Ginger and Garlic Tea: Add three or four minced garlic cloves in some ginger tea while it’s hot. Cool it down, strain and drink twice a day. Some report a benefit from just the garlic.

Other herbal teas are thought to help: Ephedra, Coltsfoot, Codonopsis, Butterbur, Nettle, Chamomile, and Rosemary all have been used in the past to relieve asthmatic attacks.

Caffeine: Black unsweetened coffee and other caffeine-containing drinks may help open airways. Interestingly, coffee is similar in chemical structure to the asthma drug Theophylline.

Eucalyptus: Essential oil of eucalyptus, used in a steam or direct inhalation, may be helpful to open airways. Rub a few drops of oil between your hands and breathe in deeply. Alternatively, a few drops in some steaming water may be good respiratory therapy.

Honey: Honey was used in the 19th century to treat asthmatic attacks. To decrease the frequency of attacks, stir one teaspoon of honey in a twelve-ounce glass of water and drink it three times daily.

Turmeric: Take one teaspoon of turmeric powder in 6-8 ounces of warm water three times a day.

Mustard Oil Rub: Mix mustard oil with camphor and rub it on your chest and back. There are claims that it gives instant relief in some cases.

Gingko Biloba leaf extract: Thought to decrease hypersensitivity in the lungs; not for people who are taking aspirin or ibuprofen daily, or anticoagulants like warfarin (Coumadin).

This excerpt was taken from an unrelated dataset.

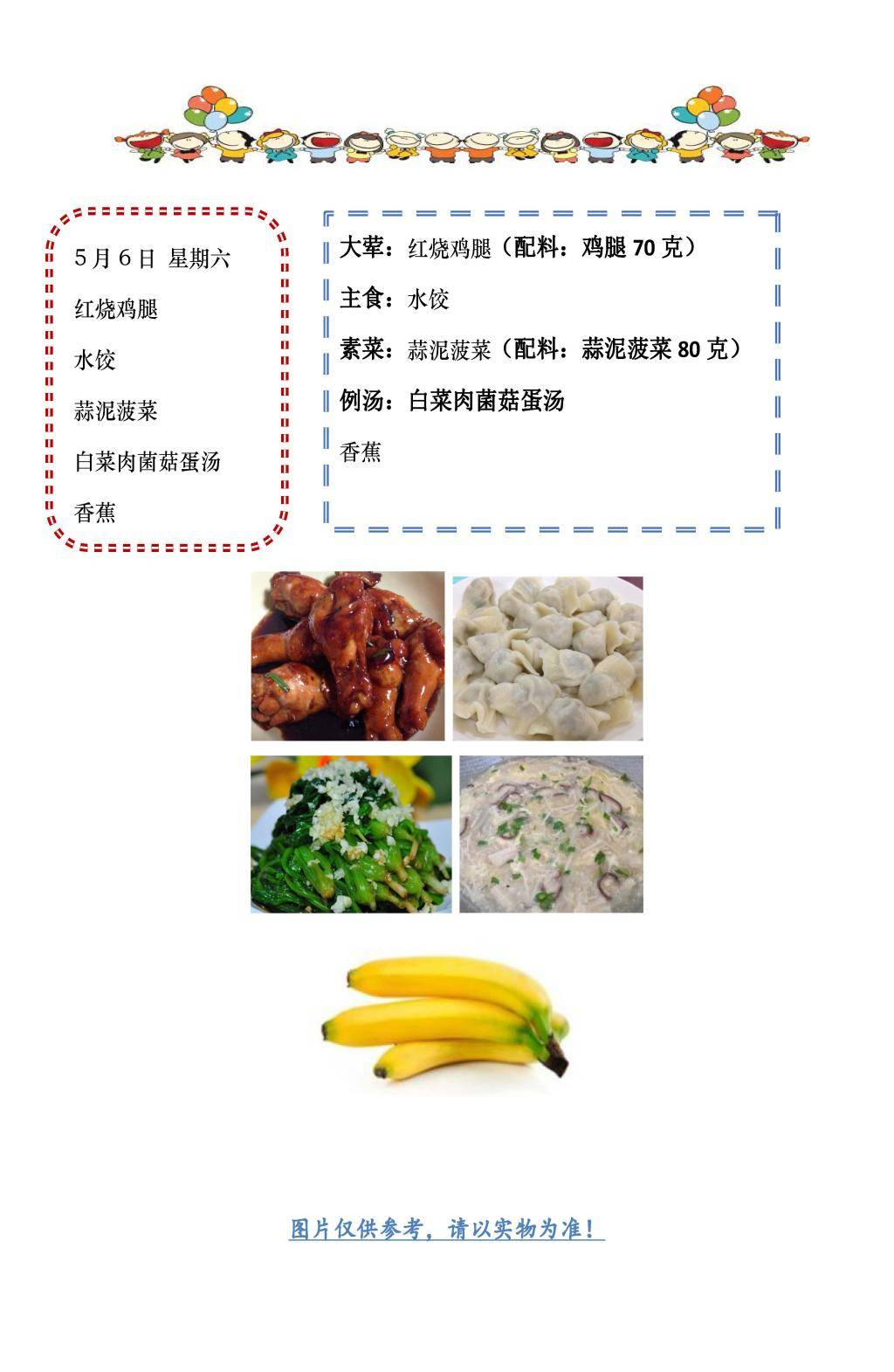 学校2022~2023学年度第二学期第13周菜单
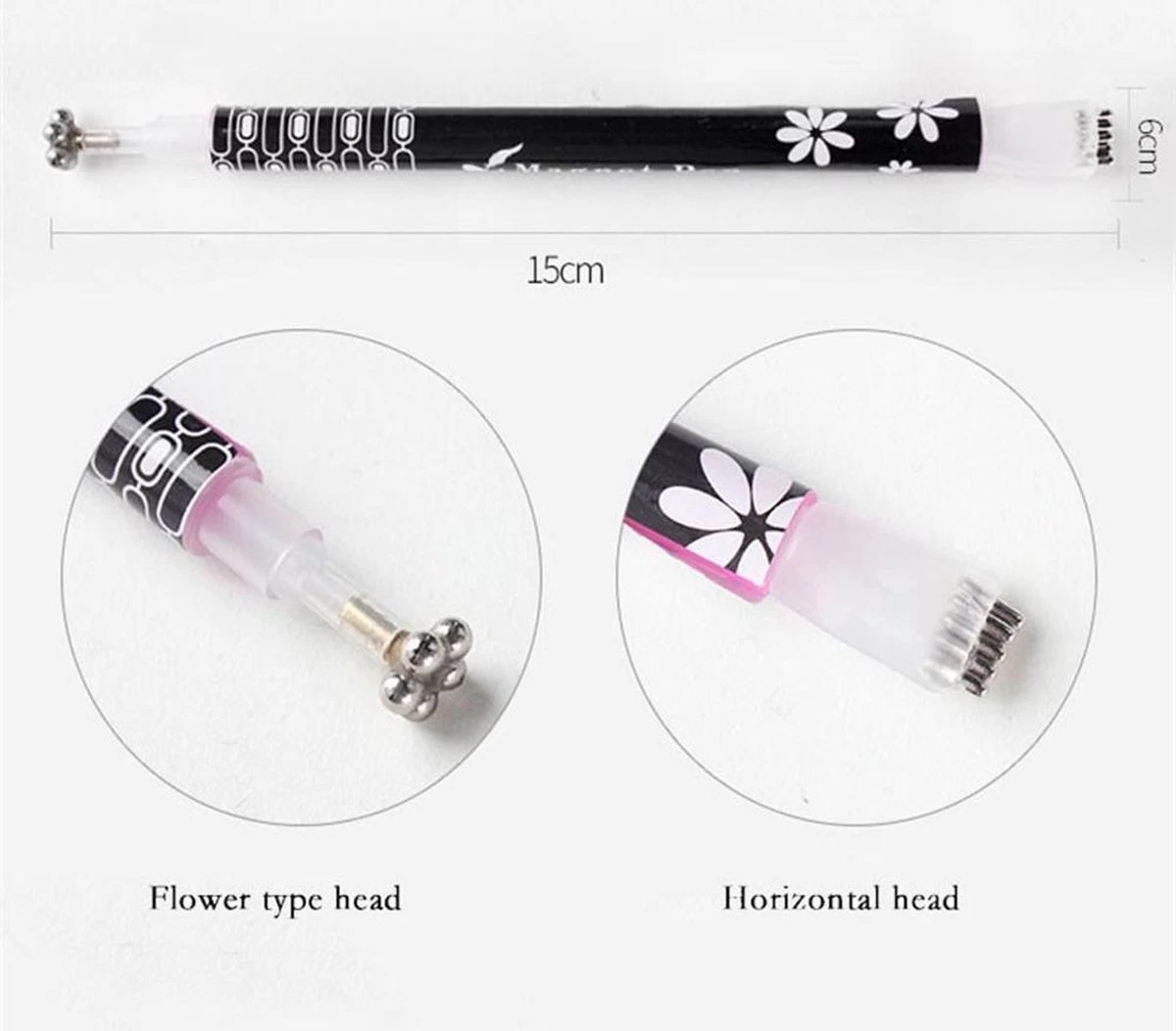 Hoe eenvoudig dit werkt zie je op de bovenstaande afbeelding. Je brengt de Magnetische gellak aan over de Base Gel en gaat er dan met de Gellak Magneet rustig overheen. Je ziet gelijk welk effect je creëert met welke beweging je maakt. Beide uiteindes van de Gellak Magneet geven een ander effect op je Gel Nagellak Nagels.

Lobelia: Native Americans actually smoked(!) this herb as a treatment for asthma. Instead of smoking, try mixing tincture of lobelia with tincture of cayenne in a 3:1 ratio. Put 1 milliliter (about 20 drops) of this mixture in 8 ounces of water and drink at the start of an attack, repeat every thirty minutes or so as needed.

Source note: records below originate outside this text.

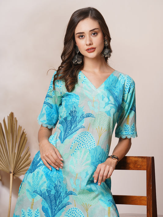 Ethnic Printed & Embroidered Straight Fit Kurta...
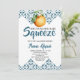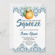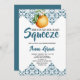 Invitación a divertirse con la ducha de novia mediterránea de Squeeze Lemon, invitamos a los huéspedes a disfrutar de un hermoso día de amor y limones con esta impresionante invitación a la ducha de novia "Main Squeeze", con limones amarillos brillantes emparejados con clásicos patrones azules mediterráneos. Este diseño combina a la perfección encanto y elegancia y aporta la calidez de la costa de Amalfi o de las islas griegas a su celebración nupcial. Personalizable completo con el nombre de la futura novia, fecha, hora, lugar y detalles del RSVP, esta invitación marca el tono de una ducha elegante e inolvidable, ideal para eventos de verano, brunches de patio o temas de destino.
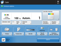 Premere visualizzato nella schermata <Home> e nella schermata Funzioni di base per personalizzare la schermata, ad esempio ridisponendo i pulsanti o creando un tasto di scelta rapida. Personalizzazione del pannello digitale![]() È possibile modificare le impostazioni relative alla visualizzazione della schermata, come ad esempio quale schermata appare subito dopo l'accensione della macchina e la visualizzazione di un messaggio relativo alla quantità residua di carta e toner. <Impostazioni visualizzazione> È possibile impostare la visualizzazione della schermata dopo che è trascorsa una certa quantità di tempo senza operazioni. <Funzione dopo ripristino automatico> |
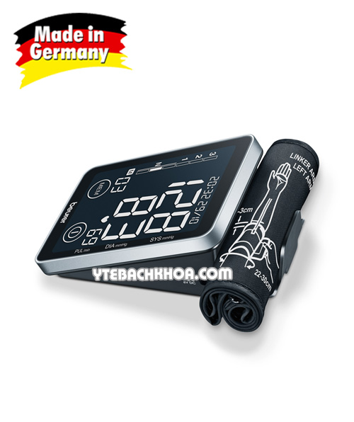 Các bệnh về huyết áp như hạ huyết áp, tăng huyết áp rất nguy hiểm và được coi là kẻ giết người thầm lặng - đây là một bệnh lý nguy hiểm dẫn tới nhiều biến chứng về tim mạch như: tai biến mạch máu não, nhồi máu cơ tim, bệnh động mạch vành.Và để ngăn ngừa những nguy cơ, biến chứng ấy thì ngoài chế độ ăn, giảm cân, tập luyện hợp lý bạn cần theo dõi huyết áp của thường xuyên hơn - Máy đo huyết áp bắp tay Beurer BM58 sẽ giúp bạn làm điềuđó dễ dàng và thuận tiện nhất.Máy đo huyết áp bắp tay Beurer BM58 có ưu điểm nổi bật sau:+ Chiến thắng ở hạng mục Best in Test tại cuộc thi German Technology & Red Dot Design.+ Có thể kết nối với máy tính và đưa ra kết quả phân tích hữu ích cho người dùng.+ Kết quả chính xác, dễ dàng thao thác. Màn hình hiển thị cực lớn (big size) , cỡ chữ lớn, rõ ràng+ Cảnh báo nhịp tim bất thường, cảnh báo huyết áp bất thường theo tiêu chuẩn tổ chức y tế thế giới
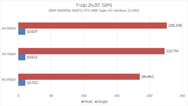 이는 긱벤치와 7-zip 테스트에서도 비슷하게 나타나는데, 특히 긱벤치 6.3.0 멀티 스레드 테스트에서 라이젠 9 7950X의 성능이 라이젠 9 9900X보다 낮게 나온 것이 눈길을 끈다. 이들 테스트의 싱글 스레드 결과는 라이젠 9 7950X가 가장 낮게 나와, Zen5의 개선된 IPC가 눈에 띈다.
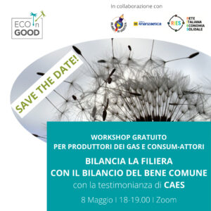 Ti aspettiamo per dimostrarti come il Bilancio permette a te produttore di comunicare e valorizzare le tue buone pratiche di economia solidale e per ascoltare la testimonianza di CAES: un’impresa dell’Economia Solidale che ha già adottato questo modello.
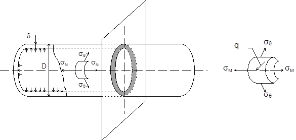 Для хранения сжатого газа при высоких давлениях обычно применяются тонкостенные цилиндрические резервуары-баллоны, представляющие собой цилиндрическую оболочку вращения. Оболочка считается тонкостенной, если толщина стенки в 20-30 раз меньше диаметра баллона. Такая оболочка может рассчитываться по безмоментной теории, следовательно элемент стенки баллона работает только на растяжение-сжатие, таким образом гипотеза о малой толщине стенки сводится к тому, что изгибающими моментами, возникающими в стенке баллона можно пренебречь; в этом случае для определения действующих в оболочке нормальных напряжений можно пользоваться известным уравнением Лапласа (см. рис. 4)
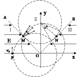 3、计算题 (16分)如图所示为某一仪器的部分原理示意图,虚线OA、OB关于y轴对称,, OA、OB将xOy平面分为Ⅰ、Ⅱ、Ⅲ三个区域,区域Ⅰ、Ⅲ内存在水平方向的匀强电场,电场强度大小相等、方向相反。带电粒子自x轴上的粒子源P处以速度v0沿y轴正方向射出,经时间t到达OA上的M点,且此时速度与OA垂直。已知M到原点O的距离OM = a,不计粒子的重力。求:
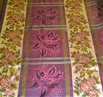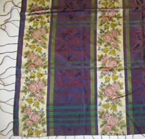 neliön muotoinen silkkiliina, jonka jokaisessa reunassa on hapsutus. Kuosiinkudotuna vuorotelle valkoisella ja violetilla langalla kudottuja vyöhykkeitä, joihin sijoitettu lehti ja ruusuaiheita. Ruusut on painettu valkoiselle pohjalle.Muut kuviot on kudottuja.
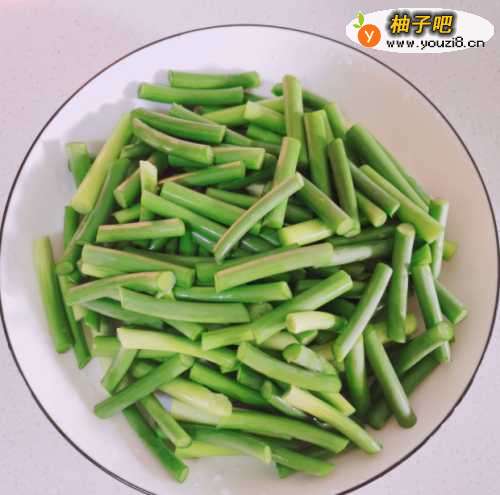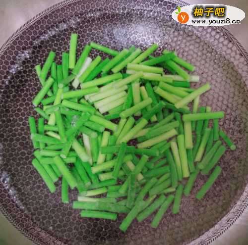 2这时候,往锅里注入适量清水煮开,然后倒入蒜苔焯2分钟捞出备用
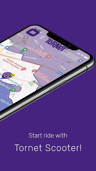 halaman depan aplikasi perjalanan perjalanan Tornet Scooter
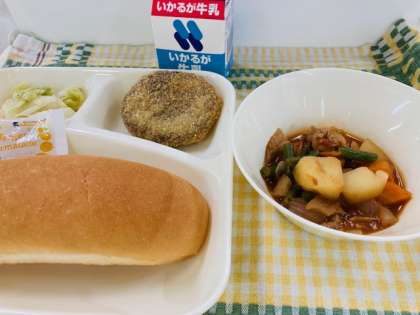 今日の献立は「チキンレバーカツ、ケチャップ煮、キャベツのバジル風味サラダ、コッペパン、マーマレード、牛乳」でした。チキンレバーカツには、鶏のレバーが入っています。カレー味にしているので、食べやすくなっています。
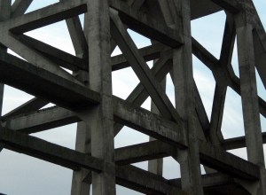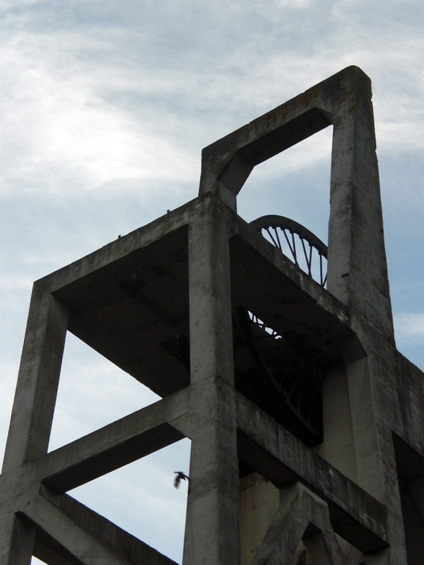 An avenue of coal machinery parts has been placed on top of the structure. Transformed from utilitarian metal and concrete into slowly changing collection of weathered patinas across the colour spectrum:
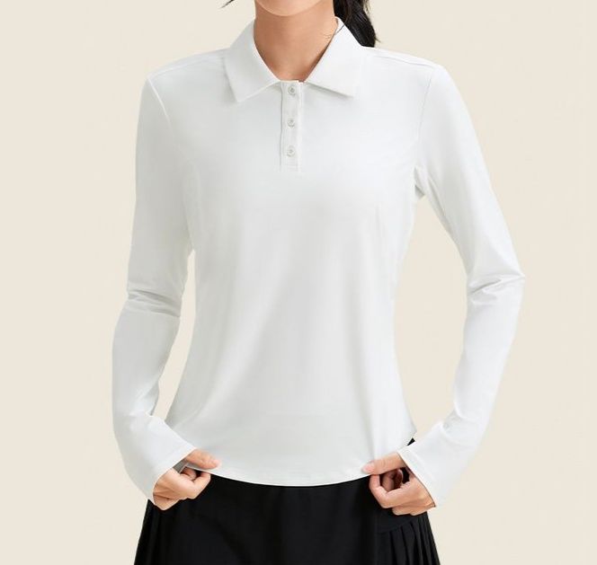 きちんとした襟付きのポロシャツスタイルで品のある大人っぽい雰囲気を演出
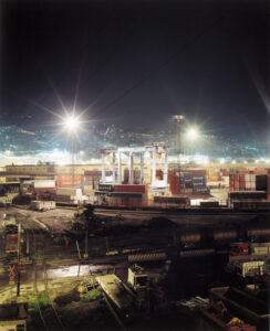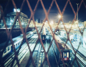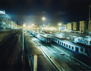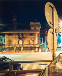 Dal punto di vista tecnico, molte fotografie sono realizzate con luce artificiale, spesso notturna. I lampioni, le luci interne degli edifici o i riflessi sull’asfalto bagnato creano forti contrasti tra zone illuminate e zone in ombra. Questo tipo di luce rende gli spazi più vuoti, più sospesi, quasi fuori dal tempo. Il colore è presente ma mai acceso: prevalgono toni freddi, blu e verdi, alternati a gialli e aranci delle luci urbane. Il colore serve a costruire un’atmosfera, non a decorare l’immagine.

Further research is necessary to determine the effectiveness of many of the above remedies, especially in severe asthma attacks. While you have a supply, consider standard medications if your peak flow reading is 60% or less than normal (discussed in the last article).

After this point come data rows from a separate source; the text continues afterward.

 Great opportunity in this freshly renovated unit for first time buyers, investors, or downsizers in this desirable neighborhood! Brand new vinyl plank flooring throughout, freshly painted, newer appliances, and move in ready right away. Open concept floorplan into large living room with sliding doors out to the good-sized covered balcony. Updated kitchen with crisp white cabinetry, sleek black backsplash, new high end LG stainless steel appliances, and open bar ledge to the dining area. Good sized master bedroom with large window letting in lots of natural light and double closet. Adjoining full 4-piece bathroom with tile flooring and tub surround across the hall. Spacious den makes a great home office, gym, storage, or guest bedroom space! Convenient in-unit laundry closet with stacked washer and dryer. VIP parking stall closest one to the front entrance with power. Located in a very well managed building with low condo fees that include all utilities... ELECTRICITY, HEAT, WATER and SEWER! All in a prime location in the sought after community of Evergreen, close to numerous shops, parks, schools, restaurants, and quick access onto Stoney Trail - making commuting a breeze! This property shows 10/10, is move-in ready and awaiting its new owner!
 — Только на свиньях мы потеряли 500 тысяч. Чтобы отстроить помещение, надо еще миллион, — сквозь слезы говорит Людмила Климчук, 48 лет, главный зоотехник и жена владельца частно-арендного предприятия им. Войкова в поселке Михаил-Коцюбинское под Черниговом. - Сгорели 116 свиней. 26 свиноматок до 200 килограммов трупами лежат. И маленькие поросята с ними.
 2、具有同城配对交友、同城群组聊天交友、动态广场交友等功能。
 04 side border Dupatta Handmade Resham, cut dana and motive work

Don’t underestimate the effect of diet on the course of asthma. Asthmatics should:

  • Replace animal proteins with plant proteins.
  • Increase intake of Omega-3 fatty acids and vitamin D.
  • Eliminate milk and other dairy products.
  • Eat organically whenever possible.
  • Eliminate trans-fats; use extra-virgin olive oil as your main cooking oil.
  • Always stay well-hydrated; more fluids will make your lung secretions less viscous.


Finally, various relaxation methods, such as taught in Yoga classes, are thought to help promote well-being and control the panic response seen in asthmatic attacks. Acupuncture is thought by some to have some promise as well.

I’m sure you have your own home remedy that might work to help asthmatics. If so, let us know.


Asthma is NOT contagious

There are many other myths associated with asthma; the below are just some:

  • Asthma is contagious. (False: You can’t get it from other people or animals.)
  • You will grow out of it. (False: it might become dormant for a time but you are always at risk of it re-emerging.)
  • It’s all in your mind. (False: although emotional stress may trigger it, it’s very real.)
  • If you move to a new area, your asthma will go away. (False: it may go away for a while, but eventually you will become sensitized to something else and it will likely return.)
  • Asthma should only be treated when an episode occurs. (False: chronic asthmatics are best treated with regular medication to reduce frequency and severity of attacks. Encourage your asthmatic group members to stockpile meds.)
  • You will become addicted to your asthma meds. (False: inhalers and oral asthma drugs aren’t addictive. It’s safe to use them on a regular basis.)

Here’s are two “true” myths: Asthma is, indeed, hereditary. If both parents have asthma, you have a 70% chance of developing it compared to only 6% if neither parent has it. Also, asthma does have the potential to be fatal, as I mentioned last article in a case dating from my active career. You’re at highest risk if you are over 65 years old.